The node's identity on every approval is stamped from the authenticated connection, never from request params — so a node cannot forge another node's identity or approve itself. The request is approval.**-scoped and resolves through the existing exec.approval.resolve method; no new Panel UI or event scope was needed.

Security model

node_invoke is, by design, a remote code-execution channel — the center can run commands on a node. The boundaries are therefore non-negotiable:

The node-side allowlist is the only security boundary. B exposes only explicitly declared commands; the center can call only approved ones. Default deny. Even a compromised center can do only what B permits.
Bidirectional trust. B dialing in + holding a center-issued node token = B trusts that center. The center holding B's allowlist = the center can only drive B within the boundary.
Tier gating on the human. Whoever triggers node_invoke is bound by the center's tiering — operators may orchestrate the cluster; chat/guest sessions are read-only (environments.list) and cannot invoke.
Sensitive node operations route to approval. Commands marked at the config tier suspend and wait for the center operator (see approval routing above).
Credential isolation. The node token is never the host token, mirroring the "the host token never leaks to a remote" discipline of shell-core separation.
Transport. Same explicit trade-off as remote shells: plaintext over LAN/Tailscale is acceptable; run over a private network.
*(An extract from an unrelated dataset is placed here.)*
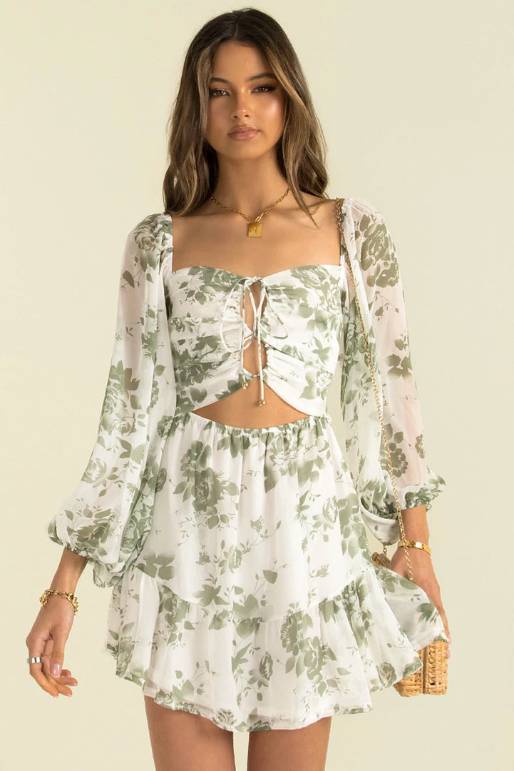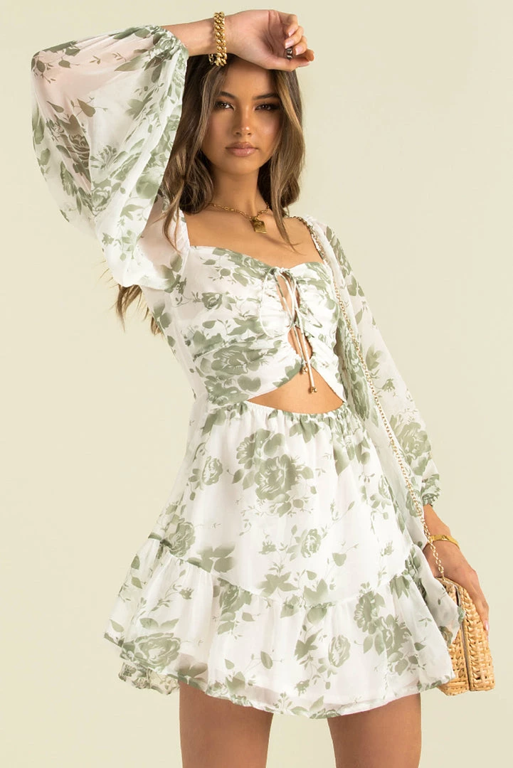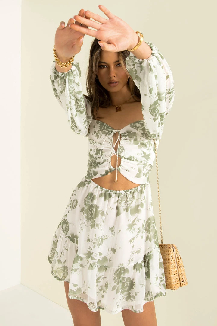 A floaty mini dress in a fresh floral print! This stunning mini is made from a high-quality chiffon fabric in white with a green print throughout. She features long sleeves, tie-up detailing through the bodice and a frill hemline. Style her with mules and a mini bag for a lovely weekend look.

For file transfer specifically, both ends verify SHA-256, a single frame is capped at 8 MB, and the node jails every path inside its session workspace (an explicit canonical_root containment check, not just a deny-list).

Architectural fit

The cluster adds capability without touching the agent loop. The harness still only schedules Think→Act — it does not even know a tool is remote.

Redline	How it holds
R1 — Brain/limb separation	Federation is core↔node, all Rust. A node's platform capabilities still go through its local `DesktopCapability` trait + bridge; `src` never touches platform APIs.
R3 — Core minimalism	Zero new heavy dependencies; reuses the existing WS / JSON-RPC / DashMap stack.
R4 — Interface is pure I/O	The Panel only renders `environments` (a thin contract) — it does not aggregate, route, or persist.
R6 — One core, many channels	The single center is the only brain; the cluster is its "one core, many bodies" extension.
R7 — LLM sovereignty	Which machine, which params, retry on failure — all left to the model. No deterministic intent classification or routing engine.
R8 — Everything is a tool	Cluster management (enroll / approve / expose / list) and node capabilities are all tools — conversation is the control panel.
R9 — Intelligence in the prompt	`environments` is injected as data into the prompt; one inference pass covers the placement decision.
R10 — Thin harness	`src/harness/` gains no logic; `NodeRegistry`, reverse RPC, and `node_invoke` live in `cluster` / `gateway` / `builtin_tools` respectively.